Are any of these three models usable histories from the perspective of Scripture and evangelical Christian theology? The white liberal view of upward national moral progress is certainly at odds with the theology of original sin and the picture of the human condition portrayed in Scripture. But so is the white evangelical Christian nationalist vision. As Christians who believe in the reality of the fall and the universality of the human sinful condition, why should we be surprised if the people who founded the nation were deeply sinful? And why should we be surprised if the institutions that they created – however much we might admire and appreciate them – contained within them the structures to perpetuate sin?

In Scripture, human empires, from the Tower of Babel to the “Babylon” of Revelation, are invariably depicted as rebels against God and perpetrators of injustice. This is not because human governments are innately immoral; it is rather because human institutions are created by sinful people who will use the levers of power to perpetuate their rebellion against God and injustice against others, no matter how well-intentioned they might be. White evangelical Christians who faithfully read their Bibles know, of course, that Romans 13 teaches that governments are “ministers of God” to execute God’s wrath against evildoers, and that Christians have a duty to submit to the government. But as readers of Scripture, we surely must realize that every human king described in the Bible was deeply flawed, even in God’s covenant society, and every human empire ultimately was called to account for its rebellion against the Lord.

But in the Bible, the Lord is not simply a judge of sinful power structures; he is also, in those judgments, the merciful savior of the poor and of all those who trust in him rather than in national power. The Exodus theology of the American black Protestant church might not be a perfect fit for all forms of evangelical theology or even Scripture, but it is certainly closer to the biblical message than white evangelical Christian nationalism or the white progressive view of history is.

If we have a biblical theology of universal sin, as the original eighteenth-century evangelicals certainly did (and as theologically orthodox evangelicals – both Calvinist and Arminian – still do), we won’t hesitate to speak out against societal injustices – even the societal injustices that are not recent innovations but instead were present at the nation’s formation. In fact, because we recognize the pervasive and enslaving power of sin, we will not be too surprised to find that if we have been in positions of some degree of power relative to another group, we ourselves might have been involved in perpetuating some of these societal injustices. When we find this out, we will repent.
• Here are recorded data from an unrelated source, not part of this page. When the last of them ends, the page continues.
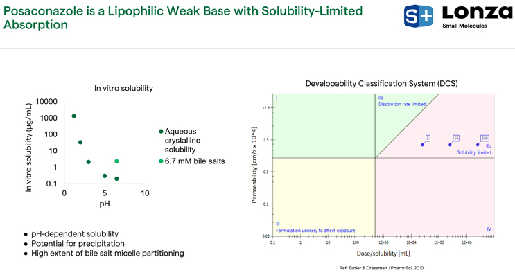 Based on structure and solubility, we learned that posaconazole is a lipophilic weak base with solubility limited absorption. In Figure 9, the left plot demonstrates that solubility decreased as a function of pH, which drives a potential for precipitation as this drug moves from the stomach into the small intestine. It also has a high amount of bile salt micelle partitioning; the endogenous bile salt micelles in the gastrointestinal tract act to solubilize the drug. There was a 12-fold enhancement in solubility with 6.7 millimolar of bile salts in the media, which is representative of fasted state media. Per the developability classification system, posaconazole has a relatively high permeation rate, but it also has a high ratio of dose to solubility (Figure 9). Since it is over the dose range of 5 to 500 milligrams, it’s in the solubility limited regime and solubility is a barrier to absorption.
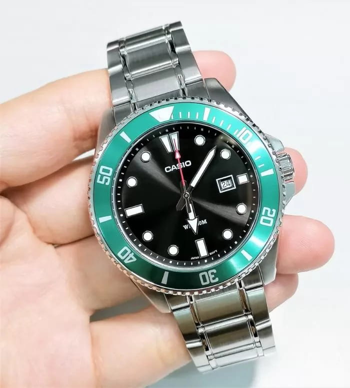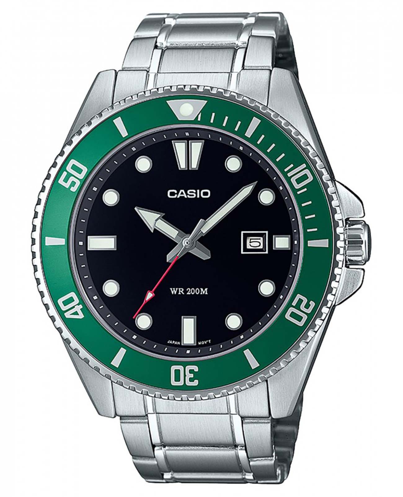 Японские мужские кварцевые часы с минеральным стекломМинеральное стеклоМинеральное стекло представляет собой искусственно выращенный минерал кварца. Такое стекло отличается особой устойчивостью к повреждениям и царапинам. Уступает по некоторым качествам сапфировому стеклу. Casio Collection MDV-107D-3A, кварцевый механизм с высокой точностью. Корпус часов изготовлен из нержавеющей стали. Вращающийся безельБезельВнешний ободок, закрепляющий стекло. В спортивных часах так называется поворотное кольцо с делениями на циферблате, выполняет роль таймера – замеряет отрезки времени на шкале. Неподвижный безель – элемент декора. Однонаправленно вращающийся безель на дайверских часах позволяет фиксировать моменты погружения и выныривания на поверхность. из нержавеющей стали с IP-покрытиемIP-покрытиеМетод ионного напыления. Демонстрирует повышенную устойчивость к истиранию, окислению и химическим веществам. Под воздействием высокого давления и температуры около 1500°C молекулы металла надёжно соединяются с частицами корпуса часов.. Подсветка NeobriteПодсветка NeobriteИспользование светонакопительных составов на основе сульфида цинка или алюмината стронция, яркий свет можно наблюдать на протяжении 6-10 часов после «зарядки» часов около источника света. обеспечивает длительное послесвечение в темноте даже после кратковременного нахождения на свету. Окошко даты находится в положении 3 часа. Класс водозащиты: 200 метров, позволит плавать, нырять и заниматься другими водными видами спорта. Стальной браслет с раскладной застёжкойРаскладная застёжкаТакой тип застёжки используется только на браслетах из металла. Она никогда не раскрывается полностью, происходит разделение на 2 и более частей. Раскладывающая застёжка снизит вероятность потери часов к минимуму..
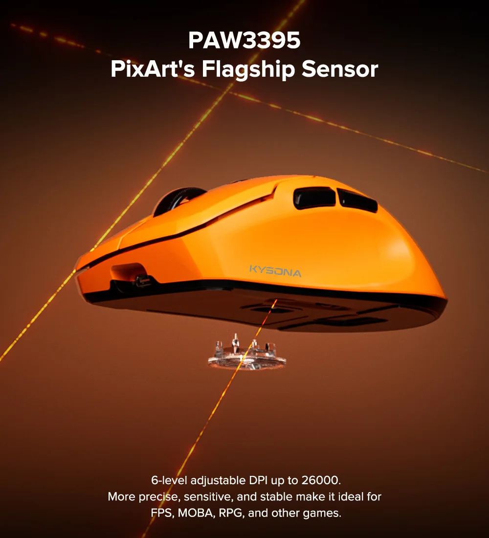 KYSONA Uranus Pro Wireless Mouse Three Mode PAW3395 Ergonomic Design Lightweight 8k E-sports Gamer Mouse Laptop Accessories
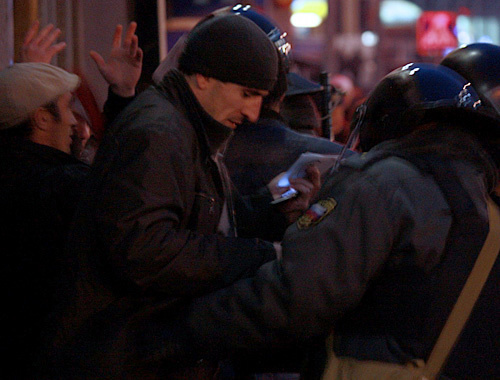 15 декабря усиленные наряды милиции проводили проверку документов и обыск подозрительных лиц в связи с появившейся в Интернете информацией о проведении несанкционированных акций в центре Москвы, в том числе в районе станции метро "Смоленская".
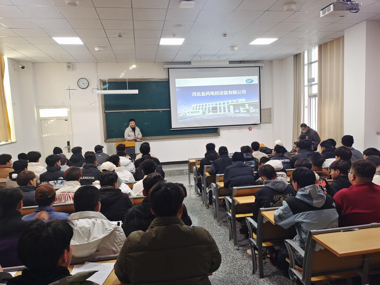 2024年1月2日,锐源风能技术有限公司、河北金风电控设备有限公司在公司致远楼东阶梯教室举办专场宣讲会;公司2021级、2022级风力发电工程技术专业130名员工参加。宣讲会上锐源风能人事经理胡福兴、河北金风木垒厂长李黎明分别对风电行业发展、公司发展情况、招聘工作岗位、员工待遇、员工职业生涯规划等方面做了详细介绍,并与部分同学们进行了互动交流。
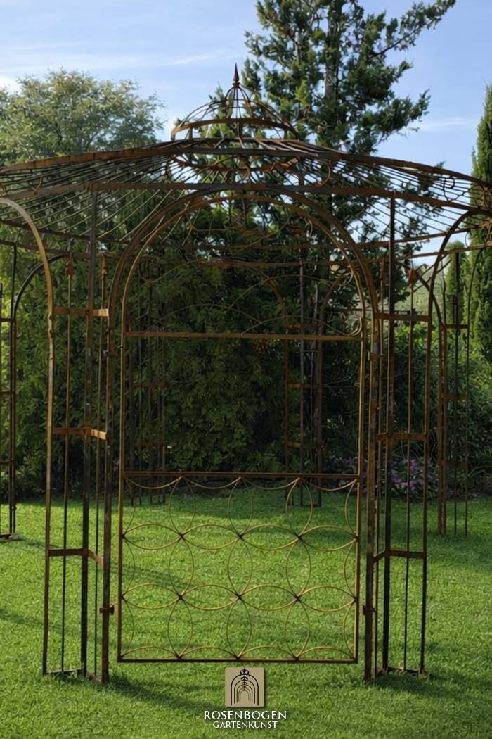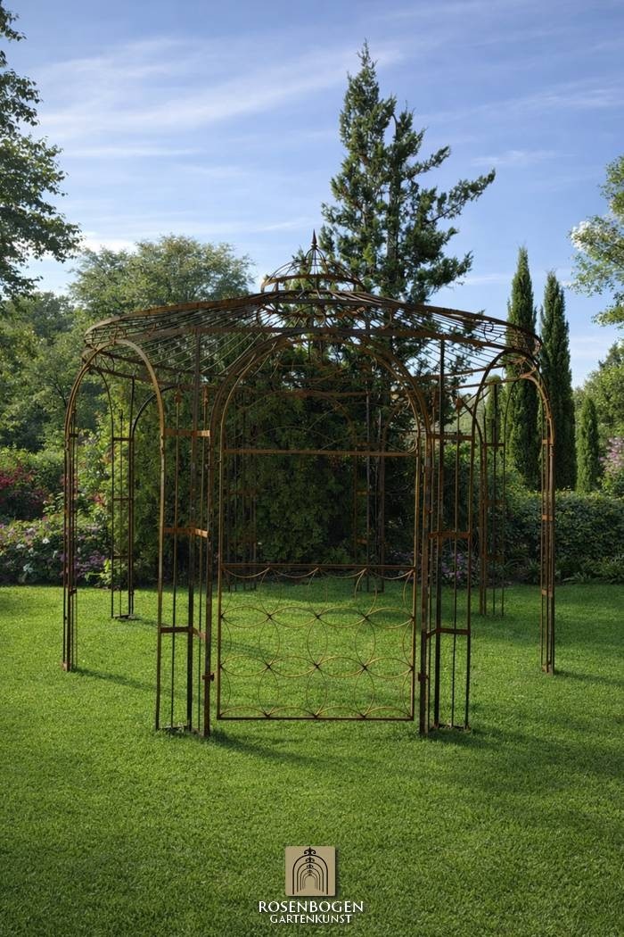 Die Seitenwand eignet sich hervorragend als Rankhilfe für Kletterpflanzen. Rosen, Clematis oder Wein können sich entlang der Struktur entwickeln und verwandeln den Pavillon mit der Zeit in eine üppig begrünte Gartenarchitektur.

Instead of rushing to defend American institutions from criticism, we will instead seek to hold both American institutions and ourselves to the standards of God. To do anything less would not only be idolatry but also a practical denial of the theology of sin that those of us who are evangelical Christians claim to hold.

Interested in reading more about Christian nationalism?

If you’re interested in reading a thoughtful evangelical critique of Christian nationalism from a historical perspective, I can recommend two books: John D. Wilsey’s American Exceptionalism and Civil Religion: Reassessing the History of an Idea (IVP, 2015), and John Fea’s Was America Founded as a Christian Nation? (WJK, 2011).  For an academic study demonstrating the connection between white conservative Protestants’ Christian nationalist views and their antipathy to critiques of racial injustice in policing, see Samuel L. Perry et al., “God’s Country in Black and Blue: How Christian Nationalism Shapes Americans’ Views about Police (Mis)Treatment of Blacks,” Sociology of Race and Ethnicity 5 (2019): 130-149. And for a black Christian critique of Christian nationalism, the classic sermons of Martin Luther King, Jr. are still an excellent resource. King’s 1956 sermon “Paul’s Letter to American Christians” uses passages from the Pauline epistles to critique white American Christian nationalist assumptions, and it is filled with observations that are just as relevant for the contemporary United States as they were for American society more than half a century ago.